Dataset excerpt:

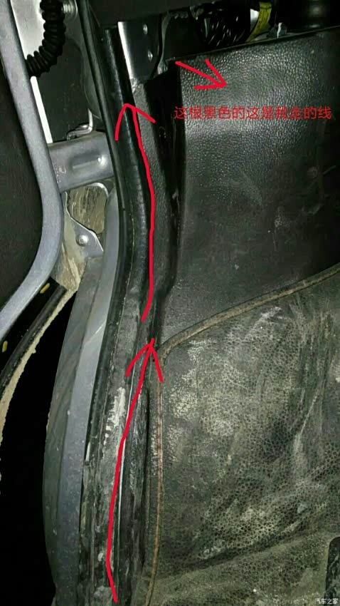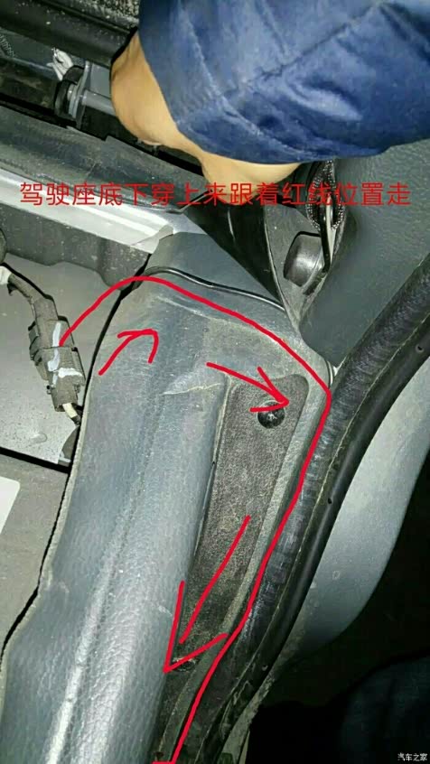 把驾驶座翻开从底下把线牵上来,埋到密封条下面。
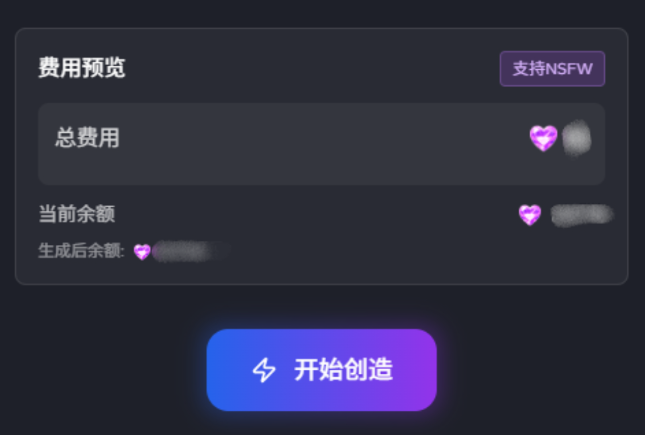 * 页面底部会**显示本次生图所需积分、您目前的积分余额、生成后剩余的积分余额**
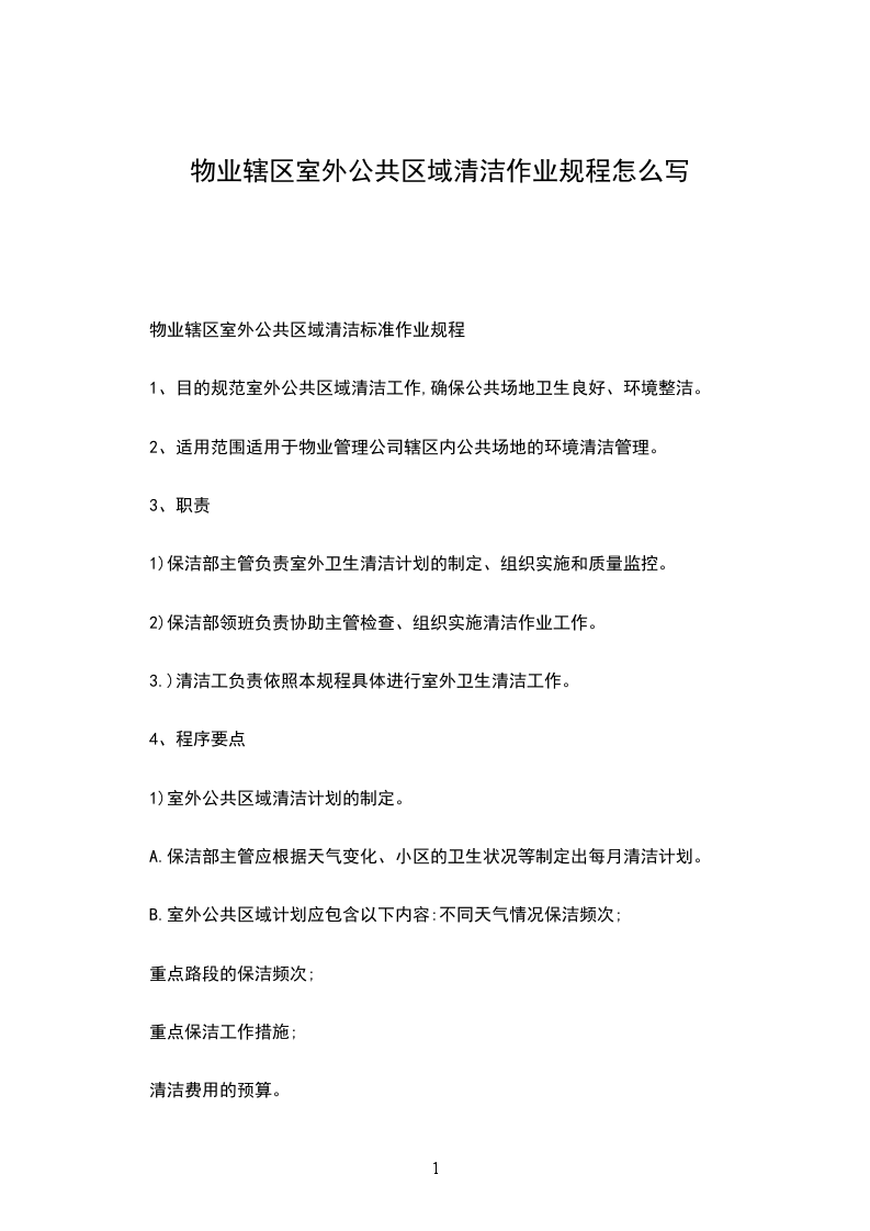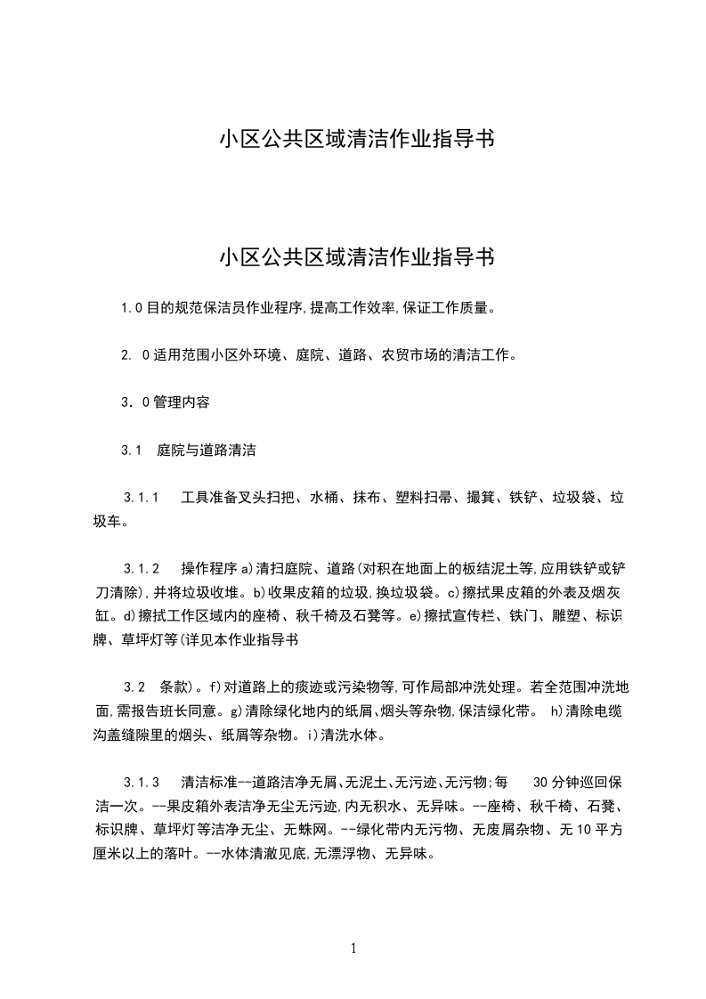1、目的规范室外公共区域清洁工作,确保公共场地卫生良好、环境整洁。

What the task requires: Reproduce every line above as written, skipping pictures.

Reply:
 把驾驶座翻开从底下把线牵上来,埋到密封条下面。
 * 页面底部会**显示本次生图所需积分、您目前的积分余额、生成后剩余的积分余额**
1、目的规范室外公共区域清洁工作,确保公共场地卫生良好、环境整洁。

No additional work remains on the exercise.